*Data for this exercise*:
::::

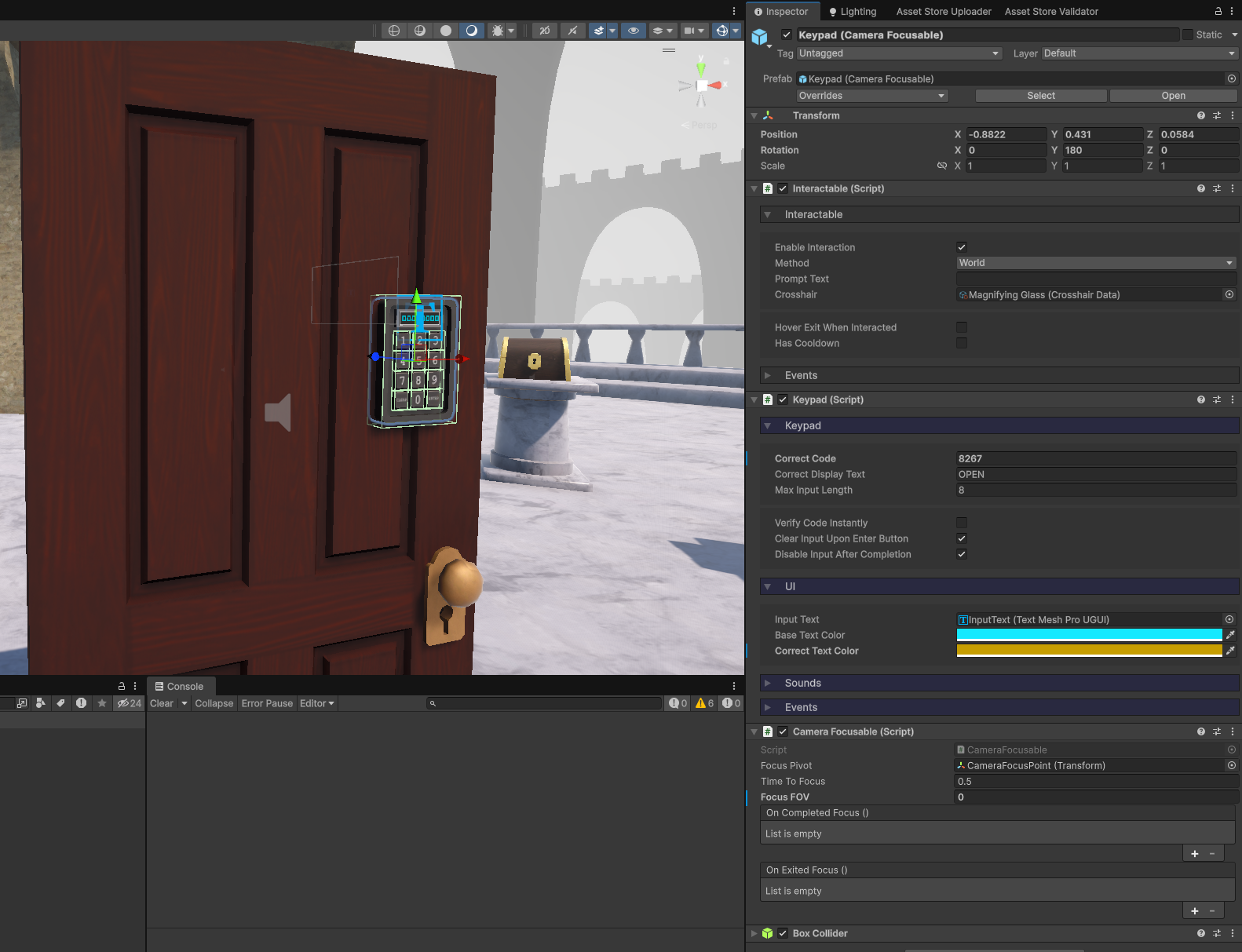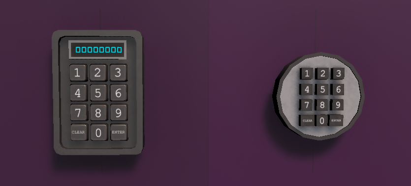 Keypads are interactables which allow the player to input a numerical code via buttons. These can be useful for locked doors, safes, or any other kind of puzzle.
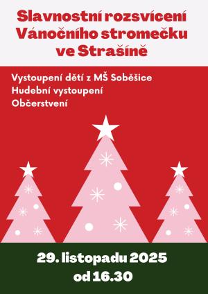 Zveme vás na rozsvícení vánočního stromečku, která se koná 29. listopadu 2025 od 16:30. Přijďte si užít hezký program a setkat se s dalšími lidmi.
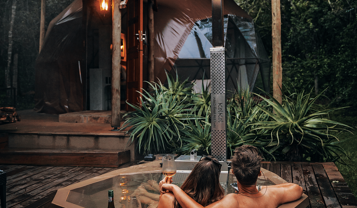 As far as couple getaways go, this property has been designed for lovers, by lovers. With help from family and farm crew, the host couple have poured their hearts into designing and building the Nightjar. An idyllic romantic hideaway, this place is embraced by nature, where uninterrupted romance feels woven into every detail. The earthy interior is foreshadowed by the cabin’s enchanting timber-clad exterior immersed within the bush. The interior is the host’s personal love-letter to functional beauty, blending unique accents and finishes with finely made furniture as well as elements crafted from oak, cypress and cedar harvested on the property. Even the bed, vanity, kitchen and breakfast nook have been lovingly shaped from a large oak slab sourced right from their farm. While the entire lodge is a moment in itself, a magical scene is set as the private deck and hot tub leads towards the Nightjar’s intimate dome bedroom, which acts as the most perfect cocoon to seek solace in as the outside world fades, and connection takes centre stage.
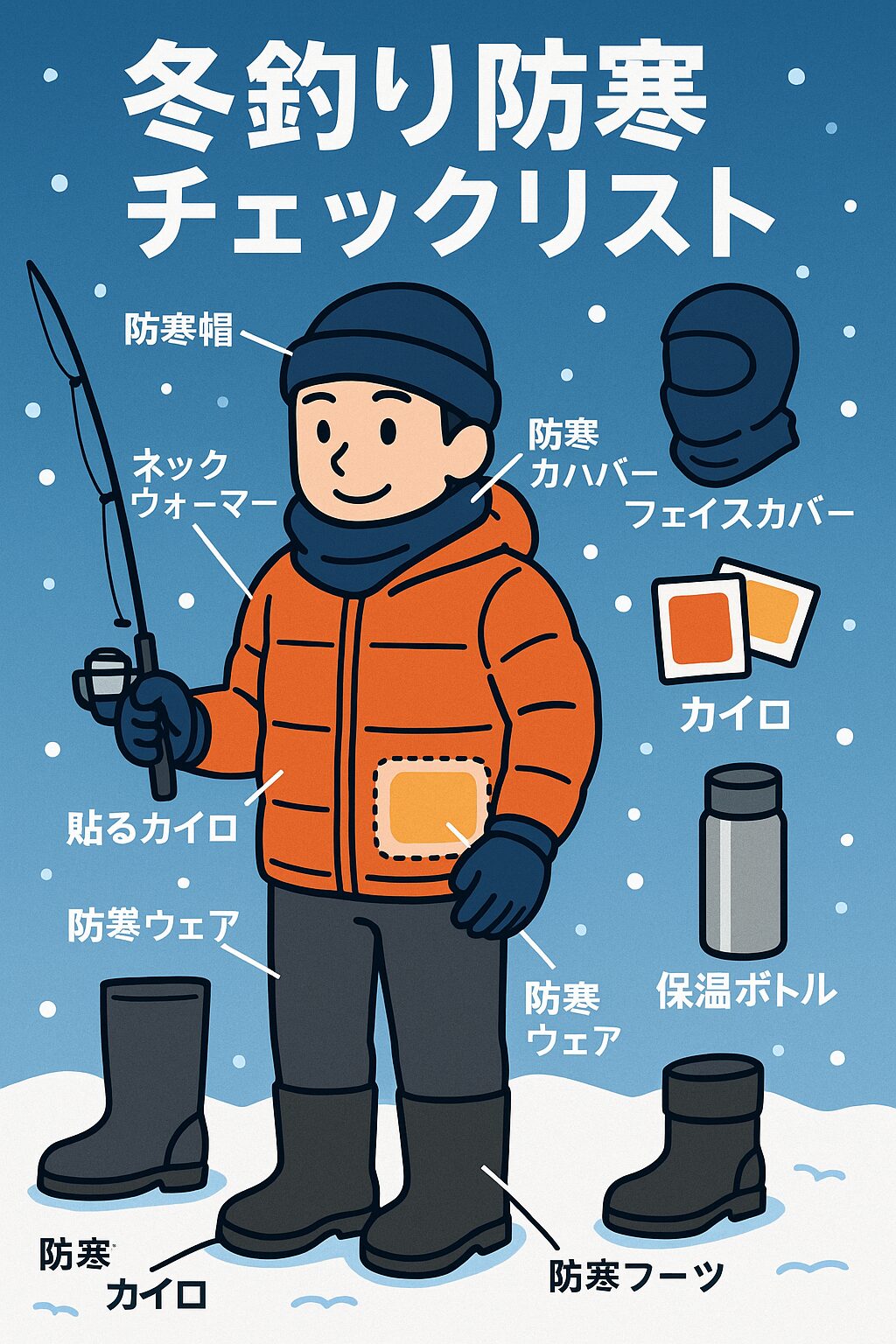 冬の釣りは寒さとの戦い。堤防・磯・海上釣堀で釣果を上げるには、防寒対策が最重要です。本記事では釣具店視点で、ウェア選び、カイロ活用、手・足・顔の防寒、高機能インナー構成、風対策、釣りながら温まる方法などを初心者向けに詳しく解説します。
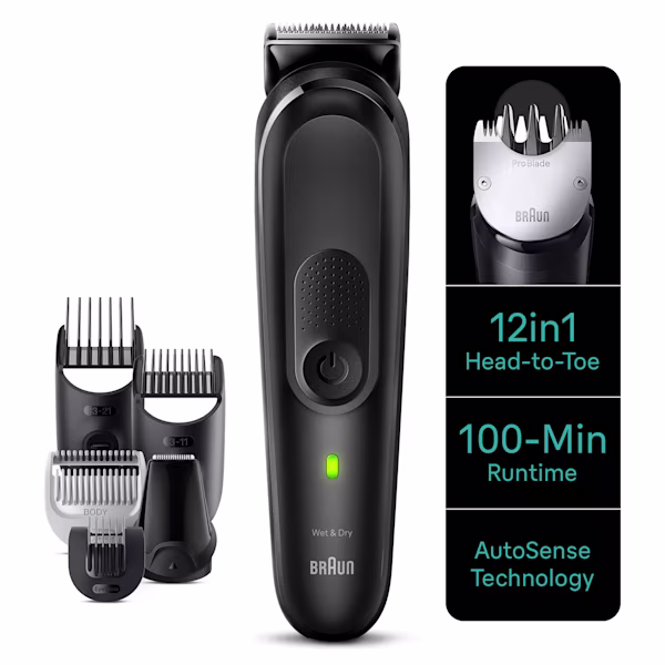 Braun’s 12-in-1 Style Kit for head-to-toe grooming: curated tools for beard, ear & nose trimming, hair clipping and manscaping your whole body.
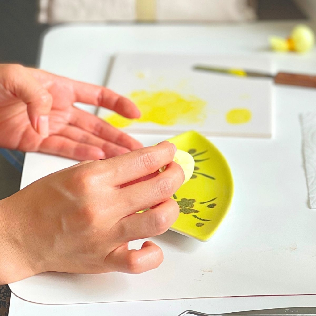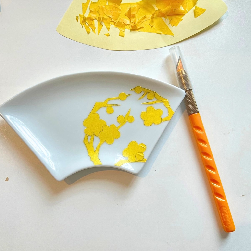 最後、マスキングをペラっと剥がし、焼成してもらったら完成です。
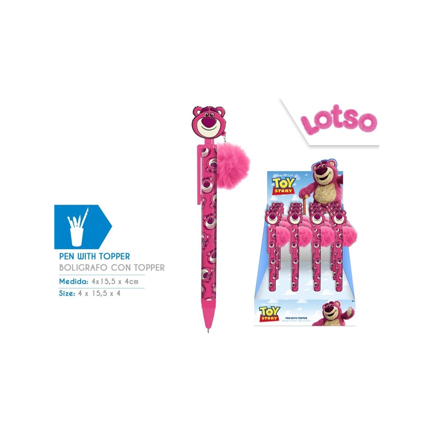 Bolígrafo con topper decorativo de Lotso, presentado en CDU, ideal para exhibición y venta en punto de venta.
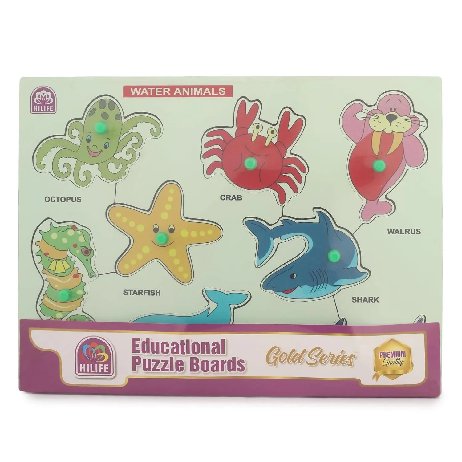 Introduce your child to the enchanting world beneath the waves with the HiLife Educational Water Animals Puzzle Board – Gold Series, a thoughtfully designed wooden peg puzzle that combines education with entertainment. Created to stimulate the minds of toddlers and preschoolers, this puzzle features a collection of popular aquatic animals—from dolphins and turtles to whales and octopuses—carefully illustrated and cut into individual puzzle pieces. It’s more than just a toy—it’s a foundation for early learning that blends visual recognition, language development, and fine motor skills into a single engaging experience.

::::

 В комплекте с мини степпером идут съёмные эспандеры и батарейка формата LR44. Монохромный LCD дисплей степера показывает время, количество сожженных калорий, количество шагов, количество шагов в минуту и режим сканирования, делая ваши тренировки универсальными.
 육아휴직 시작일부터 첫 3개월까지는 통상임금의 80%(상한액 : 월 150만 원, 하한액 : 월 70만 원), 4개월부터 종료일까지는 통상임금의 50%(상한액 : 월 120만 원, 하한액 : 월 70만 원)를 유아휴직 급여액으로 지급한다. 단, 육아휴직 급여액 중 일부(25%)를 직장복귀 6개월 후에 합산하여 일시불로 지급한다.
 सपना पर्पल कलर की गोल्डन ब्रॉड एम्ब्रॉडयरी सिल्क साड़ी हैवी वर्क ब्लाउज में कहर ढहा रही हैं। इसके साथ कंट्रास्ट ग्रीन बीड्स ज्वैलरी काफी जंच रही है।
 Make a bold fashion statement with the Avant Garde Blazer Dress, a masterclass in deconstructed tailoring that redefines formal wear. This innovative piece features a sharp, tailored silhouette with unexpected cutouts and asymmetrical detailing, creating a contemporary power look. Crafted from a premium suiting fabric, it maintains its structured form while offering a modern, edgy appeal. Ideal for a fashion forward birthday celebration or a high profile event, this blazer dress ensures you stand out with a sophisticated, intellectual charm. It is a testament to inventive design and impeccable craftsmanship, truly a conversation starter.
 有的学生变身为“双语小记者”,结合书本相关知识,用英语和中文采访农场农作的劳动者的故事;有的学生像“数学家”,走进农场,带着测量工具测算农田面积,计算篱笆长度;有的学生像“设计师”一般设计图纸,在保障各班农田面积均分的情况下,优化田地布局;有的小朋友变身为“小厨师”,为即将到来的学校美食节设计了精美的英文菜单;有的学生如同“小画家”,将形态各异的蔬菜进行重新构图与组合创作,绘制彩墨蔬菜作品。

::::

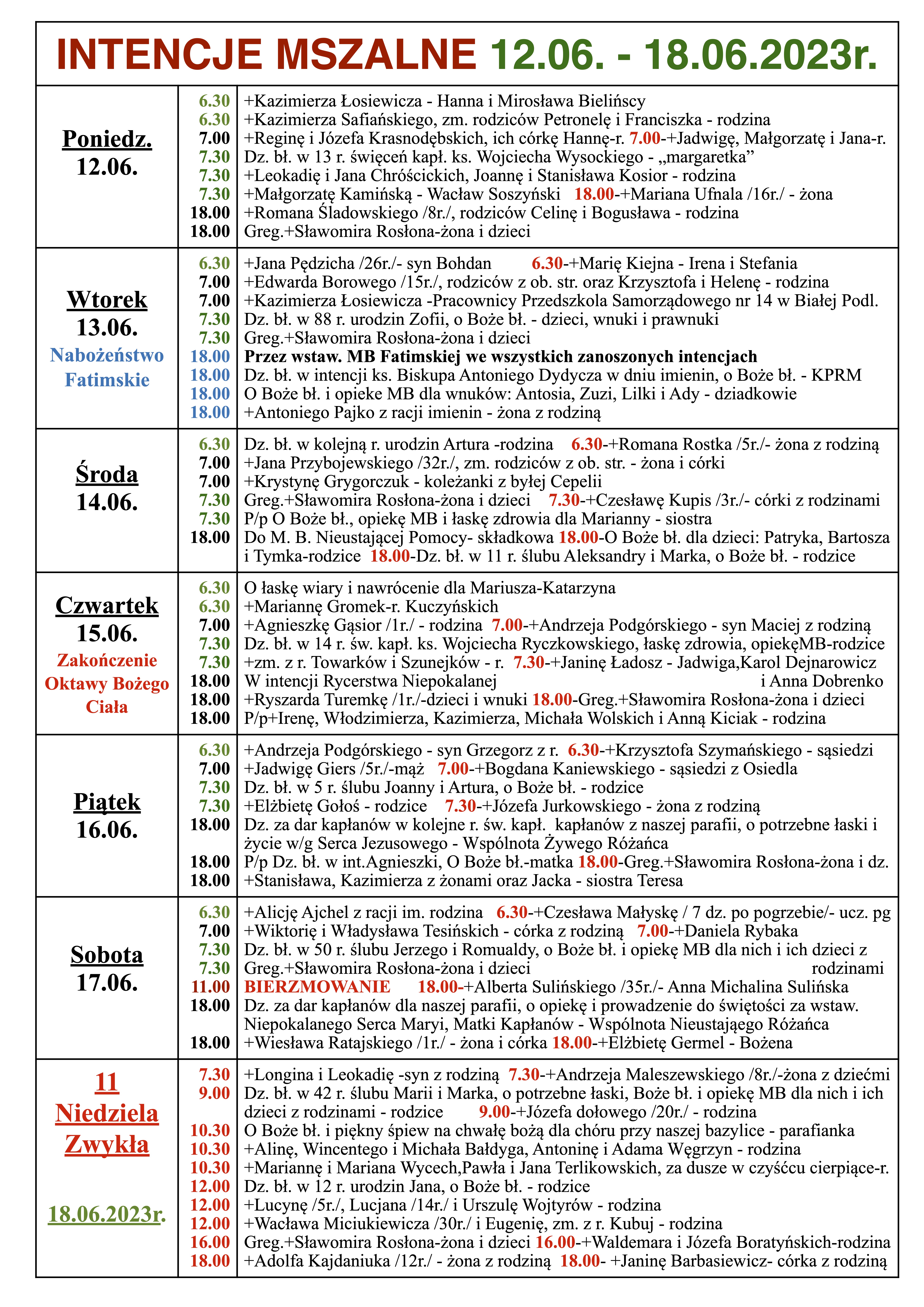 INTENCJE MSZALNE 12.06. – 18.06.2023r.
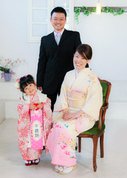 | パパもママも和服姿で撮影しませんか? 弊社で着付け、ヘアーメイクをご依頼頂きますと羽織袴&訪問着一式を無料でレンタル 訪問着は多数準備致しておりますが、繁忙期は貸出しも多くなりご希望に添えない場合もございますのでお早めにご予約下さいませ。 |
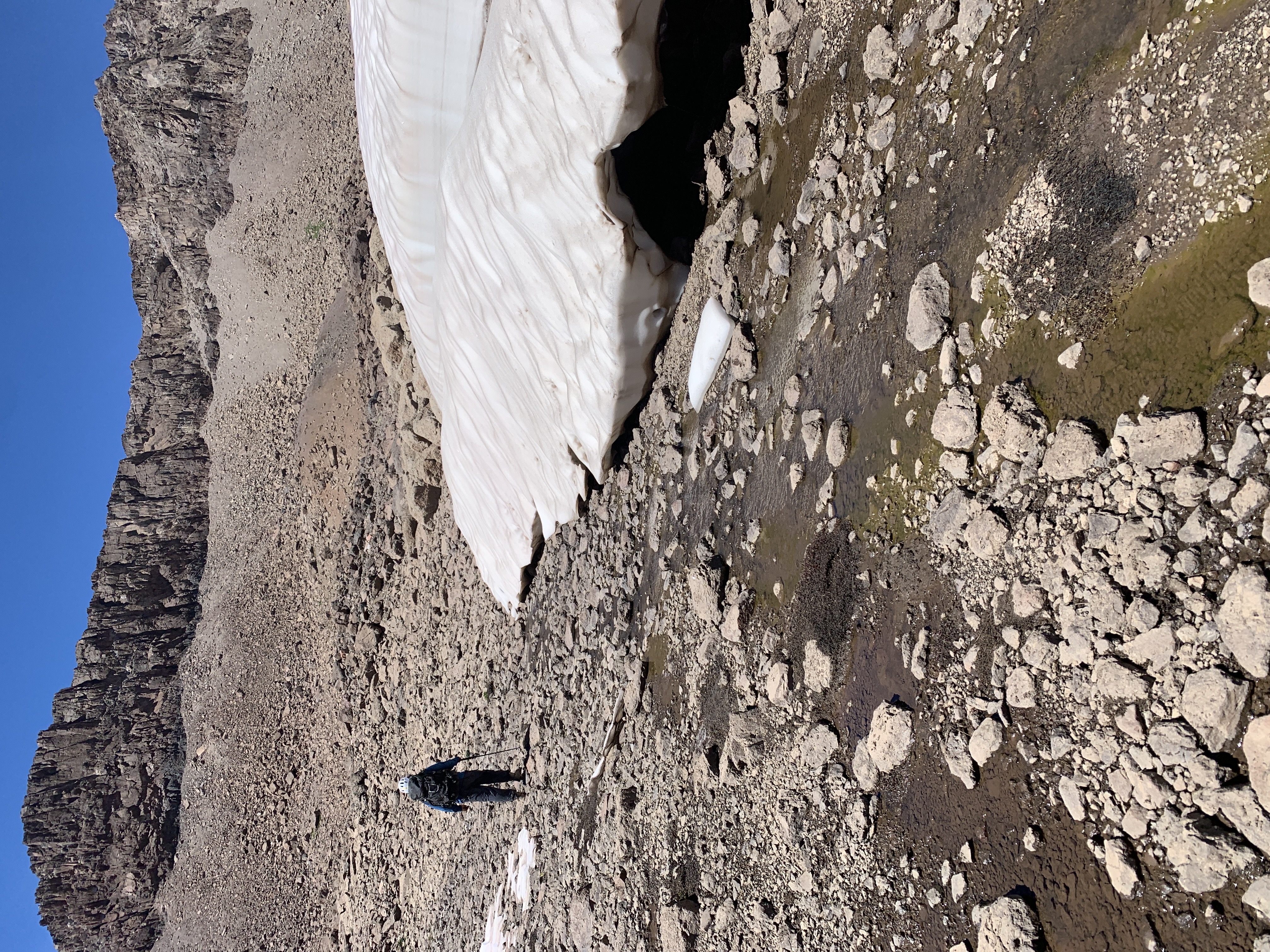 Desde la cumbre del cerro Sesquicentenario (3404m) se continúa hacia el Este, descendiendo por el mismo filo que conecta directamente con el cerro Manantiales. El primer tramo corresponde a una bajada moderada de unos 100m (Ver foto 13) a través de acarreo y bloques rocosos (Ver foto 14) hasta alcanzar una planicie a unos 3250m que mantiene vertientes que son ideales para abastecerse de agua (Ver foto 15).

::::

*Task requirements*:
Within the material above, copy exactly the lines from the line that holds "В комплекте с" up to and including the line that holds "सपना पर्पल कलर".

*Exercise result*:
 В комплекте с мини степпером идут съёмные эспандеры и батарейка формата LR44. Монохромный LCD дисплей степера показывает время, количество сожженных калорий, количество шагов, количество шагов в минуту и режим сканирования, делая ваши тренировки универсальными.
 육아휴직 시작일부터 첫 3개월까지는 통상임금의 80%(상한액 : 월 150만 원, 하한액 : 월 70만 원), 4개월부터 종료일까지는 통상임금의 50%(상한액 : 월 120만 원, 하한액 : 월 70만 원)를 유아휴직 급여액으로 지급한다. 단, 육아휴직 급여액 중 일부(25%)를 직장복귀 6개월 후에 합산하여 일시불로 지급한다.
 सपना पर्पल कलर की गोल्डन ब्रॉड एम्ब्रॉडयरी सिल्क साड़ी हैवी वर्क ब्लाउज में कहर ढहा रही हैं। इसके साथ कंट्रास्ट ग्रीन बीड्स ज्वैलरी काफी जंच रही है।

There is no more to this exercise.